- Interactive map of Yuryevka
- Yuryevka Location of Yuryevka Yuryevka Yuryevka (Kursk Oblast)
- Coordinates: 51°50′08″N 35°27′47″E﻿ / ﻿51.83556°N 35.46306°E
- Country: Russia
- Federal subject: Kursk Oblast
- Administrative district: Konyshyovsky District
- SelsovietSelsoviet: Malogorodkovsky

Population (2010 Census)
- • Total: 16
- • Estimate (2010): 16 (0%)

Municipal status
- • Municipal district: Konyshyovsky Municipal District
- • Rural settlement: Malogorodkovsky Selsoviet Rural Settlement
- Time zone: UTC+3 (MSK )
- Postal code: 307623
- Dialing code: +7 47156
- OKTMO ID: 38616426141
- Website: malogorod.rkursk.ru

= Yuryevka, Konyshyovsky District, Kursk Oblast =

Rural locality in Kursk Oblast, Russia

Yuryevka (Юрьевка) is a rural locality (село) in Malogorodkovsky Selsoviet Rural Settlement, Konyshyovsky District, Kursk Oblast, Russia.
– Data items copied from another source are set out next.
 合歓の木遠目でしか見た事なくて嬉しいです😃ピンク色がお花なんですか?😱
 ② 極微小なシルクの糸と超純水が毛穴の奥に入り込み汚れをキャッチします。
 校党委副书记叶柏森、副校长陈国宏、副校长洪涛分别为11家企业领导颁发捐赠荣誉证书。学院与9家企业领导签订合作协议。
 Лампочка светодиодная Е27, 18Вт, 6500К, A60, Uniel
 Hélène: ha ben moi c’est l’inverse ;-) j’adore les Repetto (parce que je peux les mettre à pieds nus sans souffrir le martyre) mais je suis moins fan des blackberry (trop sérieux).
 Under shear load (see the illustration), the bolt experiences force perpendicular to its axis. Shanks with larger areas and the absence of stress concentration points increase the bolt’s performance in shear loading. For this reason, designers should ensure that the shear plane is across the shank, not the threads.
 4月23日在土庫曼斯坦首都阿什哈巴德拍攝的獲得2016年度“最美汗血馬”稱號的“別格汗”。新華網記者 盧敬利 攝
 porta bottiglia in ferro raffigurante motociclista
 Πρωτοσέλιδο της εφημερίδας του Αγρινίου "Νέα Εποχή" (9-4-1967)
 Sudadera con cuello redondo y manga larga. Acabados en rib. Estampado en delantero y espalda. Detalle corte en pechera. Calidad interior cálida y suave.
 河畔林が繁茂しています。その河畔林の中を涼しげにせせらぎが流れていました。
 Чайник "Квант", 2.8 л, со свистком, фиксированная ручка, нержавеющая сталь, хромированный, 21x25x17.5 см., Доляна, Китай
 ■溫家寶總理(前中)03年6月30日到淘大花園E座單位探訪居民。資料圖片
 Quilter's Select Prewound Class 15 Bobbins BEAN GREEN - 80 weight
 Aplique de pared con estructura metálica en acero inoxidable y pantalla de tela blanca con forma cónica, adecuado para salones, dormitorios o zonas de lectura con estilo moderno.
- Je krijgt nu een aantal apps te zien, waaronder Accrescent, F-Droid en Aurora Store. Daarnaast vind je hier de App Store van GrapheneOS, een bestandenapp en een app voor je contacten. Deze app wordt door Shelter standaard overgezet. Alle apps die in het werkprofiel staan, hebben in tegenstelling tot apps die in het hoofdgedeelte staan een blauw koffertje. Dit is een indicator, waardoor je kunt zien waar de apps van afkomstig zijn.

Population:

== Geography ==
The village is located on the Vablya River (a tributary of the Prutishche in the basin of the Seym), 71 km from the Russia–Ukraine border, 51 km north-west of Kursk, 12 km east of the district center – the urban-type settlement Konyshyovka, 9 km from the selsoviet center – Maloye Gorodkovo.

- Climate
Yuryevka has a warm-summer humid continental climate (Dfb in the Köppen climate classification).

Climate data for Yuryevka
| Month | Jan | Feb | Mar | Apr | May | Jun | Jul | Aug | Sep | Oct | Nov | Dec | Year |
| Mean daily maximum °C (°F) | −4.1 (24.6) | −3.1 (26.4) | 2.7 (36.9) | 12.9 (55.2) | 19.1 (66.4) | 22.4 (72.3) | 25 (77) | 24.3 (75.7) | 18 (64) | 10.4 (50.7) | 3.4 (38.1) | −1.2 (29.8) | 10.8 (51.4) |
| Daily mean °C (°F) | −6.1 (21.0) | −5.6 (21.9) | −0.8 (30.6) | 8.1 (46.6) | 14.5 (58.1) | 18.2 (64.8) | 20.7 (69.3) | 19.8 (67.6) | 13.9 (57.0) | 7.2 (45.0) | 1.2 (34.2) | −3.1 (26.4) | 7.3 (45.2) |
| Mean daily minimum °C (°F) | −8.5 (16.7) | −8.6 (16.5) | −4.9 (23.2) | 2.7 (36.9) | 9 (48) | 12.9 (55.2) | 15.7 (60.3) | 14.7 (58.5) | 9.6 (49.3) | 3.9 (39.0) | −1.1 (30.0) | −5.3 (22.5) | 3.3 (38.0) |
| Average precipitation mm (inches) | 51 (2.0) | 45 (1.8) | 48 (1.9) | 51 (2.0) | 63 (2.5) | 71 (2.8) | 76 (3.0) | 55 (2.2) | 58 (2.3) | 58 (2.3) | 48 (1.9) | 49 (1.9) | 673 (26.6) |
Source: https://en.climate-data.org/asia/russian-federation/kursk-oblast/юрьевка-662902/

== Transport ==
Yuryevka is located 68 km from the federal route Ukraine Highway, 37 km from the route Crimea Highway, 47 km from the route (Trosna – M3 highway), 27 km from the road of regional importance (Fatezh – Dmitriyev), 10.5 km from the road (Konyshyovka – Zhigayevo – 38K-038), 22 km from the road (Kursk – Lgov – Rylsk – border with Ukraine), 6.5 km from the road of intermunicipal significance (38K-005 – Maloye Gorodkovo – Bolshoye Gorodkovo), on the road (38N-136 – Ozerovka – Yuryevka – Pavlovka), 12 km from the nearest railway station Konyshyovka (railway line Navlya – Lgov-Kiyevsky).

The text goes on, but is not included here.